Une nuit, parcourant les rues, un fakir vagabond se retrouva face à un jeune homme se tenant devant le corps ensanglanté d’une femme morte.
“Nom de Dieu, qu’avez-vous fait ?” laissa-t-il échapper, sans même réfléchir. “Quel est ce malheur ?”
“Ceci n’est pas un malheur. C’est le corps de ma mère que je viens de tuer”.

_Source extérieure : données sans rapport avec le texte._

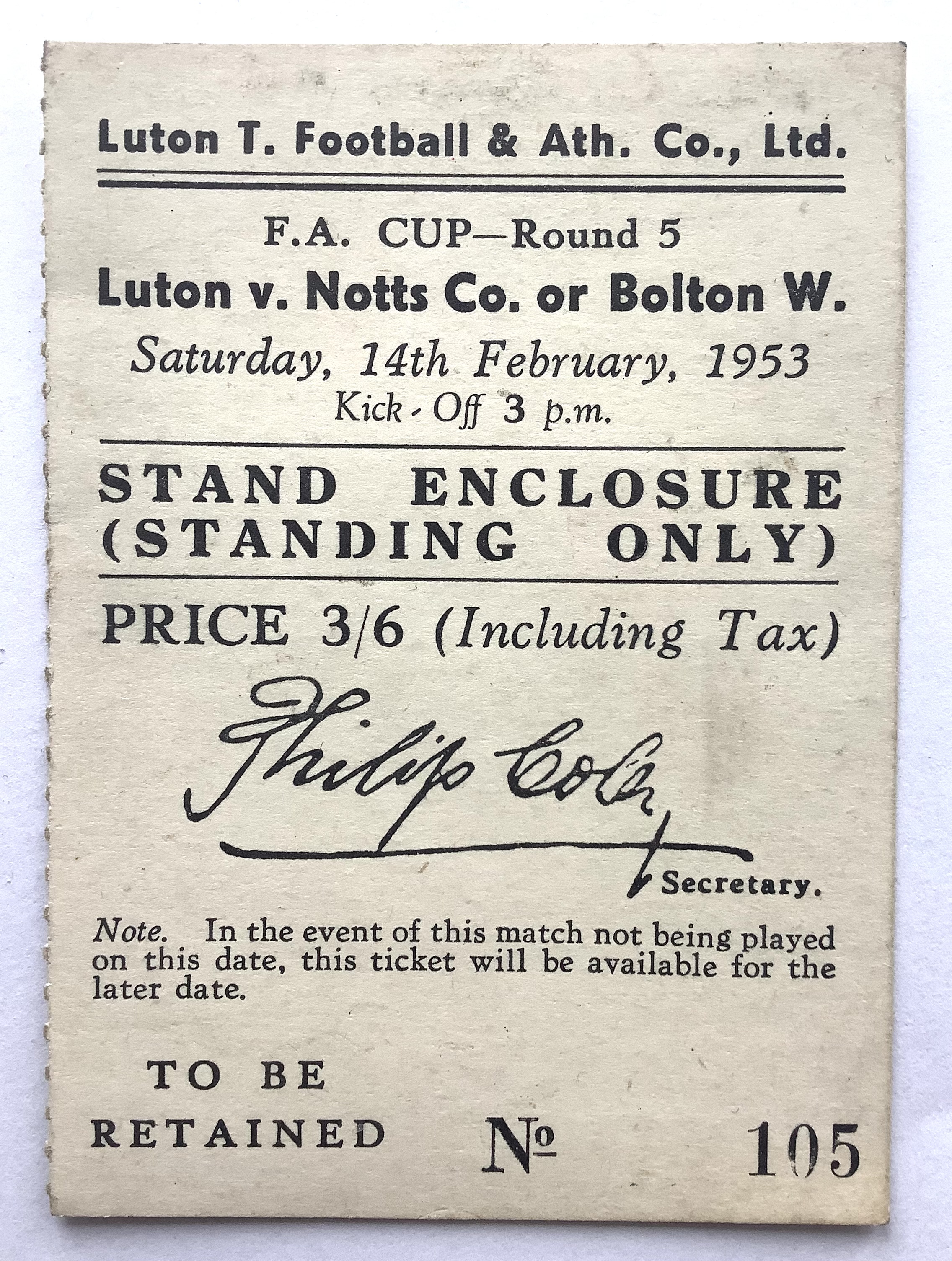 A ticket from Bolton’s run to the famous 1953 Matthews FA Cup Final. Fifth round match played at Luton on 14-02-53. In very good condition.

“Tuer ? Comment avez-vous pu tuer votre propre mère ? N’avez vous point conscience du respect et de l’honneur que l’on doit à sa mère, sans parler de l’abomination d’une telle action ? Qu’a-t-elle bien pu faire pour mériter un tel traitement ?”
“Elle a fait une action tellement mauvaise, que cela a sali son propre nom…ainsi que le mien. Je suis rentré à la maison il y peu de temps, pour la trouver enlacée nue dans les bras d’un homme auquel elle n’était pas mariée. Ainsi, je l’ai tuée afin que sa tombe cache sa honte”.
“Et bien, dans ce cas,” dit l’étranger avec un haussement d’épaule, “j’aurai plutôt tué son partenaire dans ce péché”.
“Mais alors,” répondit l’autre, “j’aurai dut tuer quelqu’un de nouveau chaque jour
En tuant ma mère, j’ai évité de faire couler le sang d’une multitude d’autres personnes. N’est-ce pas mieux de ne couper qu’une seule gorge, plutôt qu’un si grand nombre ?”
O lecteur, cette mère de mauvaise nature, dont les vices peuvent être trouvés dans les moindres recoins, c’est ton propre ego. Viens donc et tue-le, car à cause de cette vile créature, à chaque moment tu t’attaque à quelqu’un de réellement vénérable.
A cause de cet ego, ce monde juste est devenu étroit et rempli de chagrin pour toi; à cause de cette folie, à chaque moment tu es en guerre avec Dieu et l’homme. Cependant, en tuant cet ego, tu te délivreras de tout ça et tu ne devras plus t’excuser constamment: car plus personne sur cette terre ne sera ton ennemi!”
(Mesnevi, Livre II, lignes 776-785).